MATERIALS AND METHODS

Preparation of Brain Samples.

Human brain cortex was obtained at autopsy from patients ranging in age from 44 to 88 years old. Twenty-one samples, from donors age 44–79, showed no evidence of neurological disorders, whereas two samples, from donors ages 81 and 88, showed neuropathological and clinical evidence of AD. The brain samples were homogenized in Tris-buffered saline (TBS) with a teflon glass dounce. TBS consists of 50 mM Tris⋅HCl, pH 7.4, 150 mM NaCl, plus protease and phosphatase inhibitors (1 mM phenylmethylsulfonyl fluoride/1 μg/ml each of leupeptin, pepstatin, and aprotinin/5 μM okadaic acid/0.1 mM sodium orthovanadate). The homogenates were centrifuged at 12,000 × g; the pellets were extracted with 1% Triton X-100 in TBS and recentrifuged at 12,000 × g, and the supernatants were collected. The resulting proteins were separated by 13% SDS/PAGE and transferred to nitrocellulose membranes.
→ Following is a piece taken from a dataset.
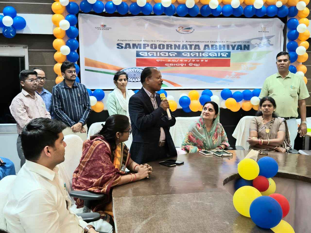 ଜିଲ୍ଳା ପ୍ରଶାସନ ଏବଂ ପିରାମଲ୍ ଫାଉଣ୍ଡେସନ ର ମିଳିତ ସହଯୋଗରେ କେନ୍ଦ୍ର ସରକାରଙ୍କ ଆକାଂକ୍ଷି ନୂଆପଡା ଜିଲ୍ଲା ରେ ସମ୍ପୂର୍ଣତା ଅଭିଯାନ ର ଉଦଯାପନୀ ଉତ୍ସବ ଅନୁଷ୍ଠିତ ହୋଇଯାଇଛି l ଜିଲ୍ଲାପାଳ ମଧୁସୂଦନ ଦାଶଙ୍କ ଅଧ୍ୟକ୍ଷତାରେ ଅନୁଷ୍ଠିତ ଏହି ବୈଠକରେ ଲୋକସଭା ସାଂସଦ ମାଳବିକା ଦେବୀ ମୁଖ୍ୟ ଅତିଥି ଭାବେ ଯୋଗଦେଇଥିଲେ l ସାମାଜିକ ତଥା ଅର୍ଥନୈତିକ କ୍ଷେତ୍ରରେ ପଛୁଆ ଜିଲ୍ଲାକୁ ମୁଖ୍ୟ ସ୍ରୋତ କୁ ଆଣିବା ପାଇଁ କେନ୍ଦ୍ର ନିତୀ ଆୟୋଗ ଙ୍କ ଏହା ଏକ ମହତ୍ତ୍ୱାକାଙ୍କ୍ଷି ଯୋଜନା ଅଟେ l ଏହାର ସଫଳତା ପାରାମିଟର ରେ ସ୍ୱାସ୍ଥ୍ୟ, ପରିବାର କଲ୍ୟାଣ, ଶିକ୍ଷା, ପୋଷଣ, ପୃଷ୍ଟିକର ଖାଦ୍ୟ ଯୋଗାଣ, ମୃତ୍ତିକା ସଂରକ୍ଷଣ, ବିଦ୍ୟାଳୟ ମାନଂକରେ ବିଦ୍ୟୁତ୍ ଯୋଗାଣ, ମାଗଣା ପାଠ୍ୟ ପୁସ୍ତକ ଯୋଗାଣ ଇତ୍ୟାଦି ବିଷୟ ରେ ଜିଲ୍ଲାରେ ଶତ ପ୍ରତିଶତ ସଫଳତା ହାସଲ କରି ପୁରସ୍କାର ପାଇବା ପାଇଁ ମନୋନୟନ ପ୍ରକ୍ରିୟାକୁ ଆବେଦନ କରିଛି l ବିଗତ ଦିନରେ ମଧ୍ଯ ପରିଷ୍କାର ପରିଚ୍ଛନ୍ନତା କ୍ଷେତ୍ରରେ ଜିଲ୍ଲା ଏବଂ ଏହାର ଏକ ପଞ୍ଚାୟତ ରାଜ୍ୟରେ ପ୍ରଥମ ପୁରସ୍କାର ରେ ସମ୍ମାନିତ ହୋଇଥିବାରୁ ସାଂସଦ ଖୁସି ବ୍ୟକ୍ତ କରିଥିଲେ l ବିଭିନ୍ନ କ୍ଷେତ୍ରରେ ନୂଆପଡ଼ା ଜିଲ୍ଲା ପ୍ରଥମ ହୋଇ ସୁନାମ ଆଣୁଥିବାରୁ ଏହି ବିଜୟ ଧାରାକୁ ଅବ୍ୟାହତ ରଖିବା ପାଇଁ ଆହ୍ବାନ କରିଛନ୍ତି।

Samples were not heated before loading. The membranes were blocked with 10% milk, PBS, and 0.1% Tween 20 and incubated overnight at 4°C in primary antibody diluted in 5% milk and PBS and developed by using peroxidase conjugated secondary antibodies (Zymed) with chemiluminescent detection (ECL, Amersham).

cDNA Constructs.

Mutations were produced by PCR-based site-directed mutagenesis using wild-type PS1 lacking the VRSQ motif as a template. The human 4 repeat tau cDNA (htau40; 4R) was a gift from M. Goedert, MRC Laboratory of Molecular Biology, Cambridge, U.K. Three repeats (3R), no repeats (ΔR), and NΔR were produced by PCR-based site-directed mutagenesis by using the 4R tau as a template. After subcloning the products into the pCIneo vector (Promega), the sequences were confirmed by sequencing the entire region.

Transfection.

COS-7 cells were cultured in DMEM and 10% fetal bovine serum. For transient expression, 5 × 10⁵ cells were plated on 10-cm² dishes and grown overnight. Each cDNA (2 μg/ml) was transfected into COS-7 cells by using LipofectAMINE (4 μl/ml; GIBCO/BRL), and the cells were harvested after 48 hr in TBS and 1% Triton X-100. The lysates were then centrifuged at 15,000 rpm at 4°C, the supernatant was collected and used for experiments.

Immunoprecipitation.

For immunoprecipitation, the cell extracts from each transfection were preincubated with protein G Sepharose (Pharmacia) and then incubated with the indicated antibodies at 4°C overnight. The immunocomplexes were precipitated by incubation with protein G Sepharose at room temperature for 2 hr, washed five times in TBS and 1% Triton X-100, and eluted with 0.1 M glycine (pH 2.5). For detection of tau and GSK-3β, the immunoprecipitates were eluted by incubation with Laemli sample buffer at 95°C for 3 min.

Immuno-Affinity Column.

The mAb MKAD3.4 was purified from conditioned medium on protein G (Pharmacia) coupled to CNBr-activated Sepharose 4B (Pharmacia). Triton X-100-extracted brain samples were prepared as stated above and loaded overnight at 4°C. After washing with 10-column volumes TBS and 1% Triton X-100, the proteins were eluted in 0.1 M glycine, pH 2.7 (500 μl/fraction), and the samples were neutralized immediately with 1 M Tris, pH 9.0.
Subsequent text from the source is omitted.